5. Update Non-Index:
threads | ARM (tps) | x86 (tps) | ARM (tps - fscaled (FS)) | % ARM-vs-x86 | % ARM (FS)-vs-x86 |
---|---|---|---|---|---|
1 | 328 | 373 | 378 | -12 | 1 |
2 | 588 | 686 | 678 | -14 | -1 |
4 | 1075 | 1118 | 1240 | -4 | 11 |
8 | 1941 | 2043 | 2240 | -5 | 10 |
16 | 3367 | 3662 | 3885 | -8 | 6 |
32 | 5681 | 6438 | 6555 | -12 | 2 |
64 | 9328 | 10631 | 10763 | -12 | 1 |
128 | 14158 | 17245 | 16336 | -18 | -5 |
256 | 20377 | 26367 | 23512 | -23 | -11 |
Analysis:
- Frequency scaled ARM continues to perform on par/better with x86 (except for heavy contention use-cases).
Conclusion
There are some important observations we can make:
- For read only workload MySQL on ARM continues to perform on-par with MySQL on x86.
- For write involving workload MySQL on ARM starts lagging a bit but if we consider frequency scaling things start getting better.

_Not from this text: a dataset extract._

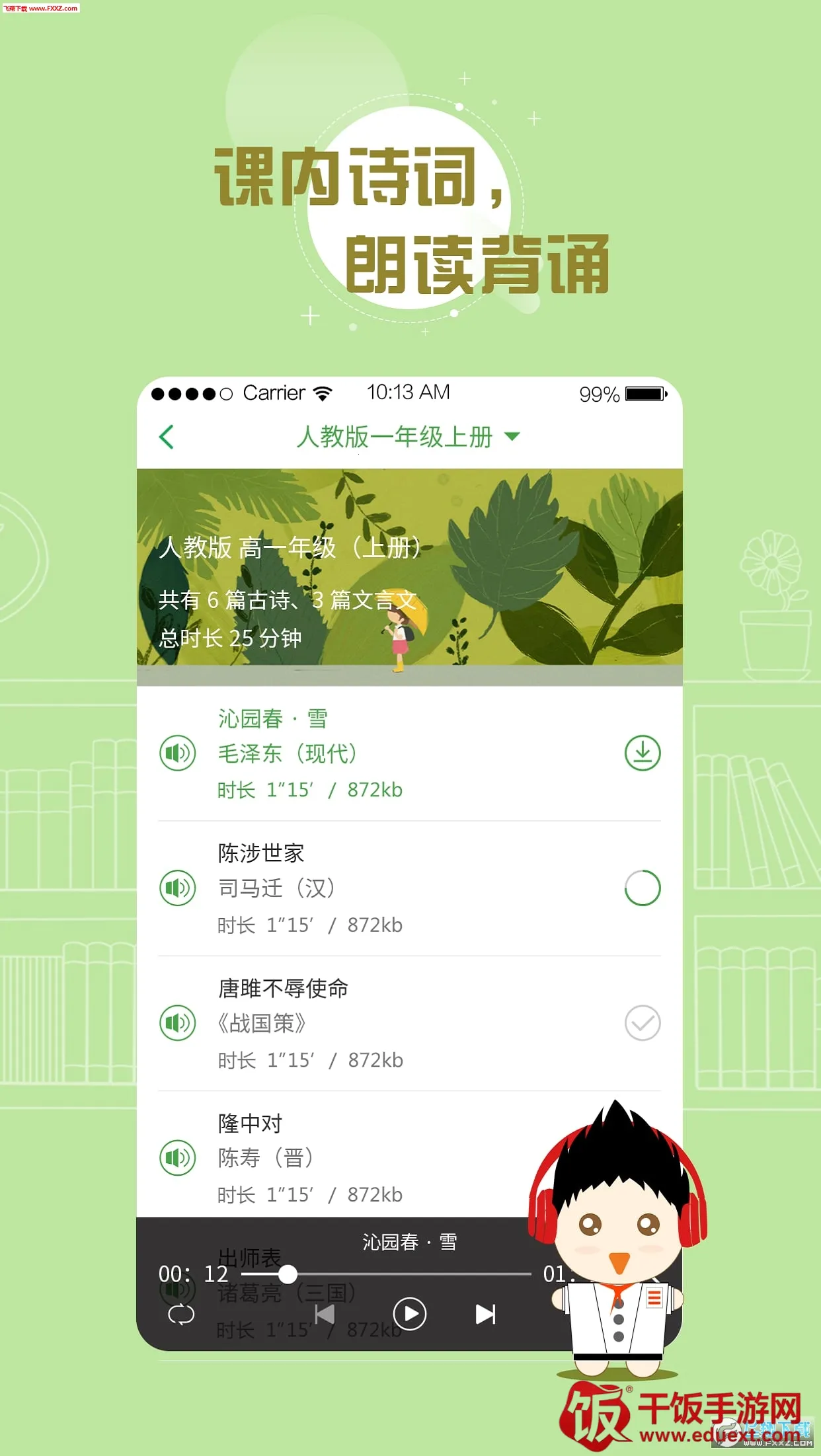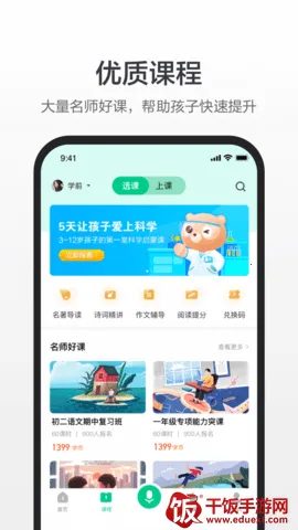 3. 功能实用,提供拍照朗读、字词听写、诗词朗诵、笔顺播放、学写汉字、译文对照等工具,还有谜语、成语接龙、古诗词挑战等益智游戏,提升学习趣味性。

- Frequency scaling is not a real life parameter so we should consider the price-per-performance ratio. This could be a topic in itself but just a quick fact: ARM instance is 66% cheaper than x86 (24U48G same one we used).
- There is a pattern that we can observe. ARM workloads are very well scalable till it hits the CPU limits. With increasing scalability, contention increases and ARM starts lagging. This is expected since mutexes/contention hot-spots were all tuned for x86 (for example: spin-lock). But now that MySQL officially supports ARM and the growing ARM community and interest, it would be tuned for ARM too.
To summarize, MySQL on ARM is a worth exploring option from a cost and performance perspective.
If you have more questions/queries do let me know. Will try to answer them.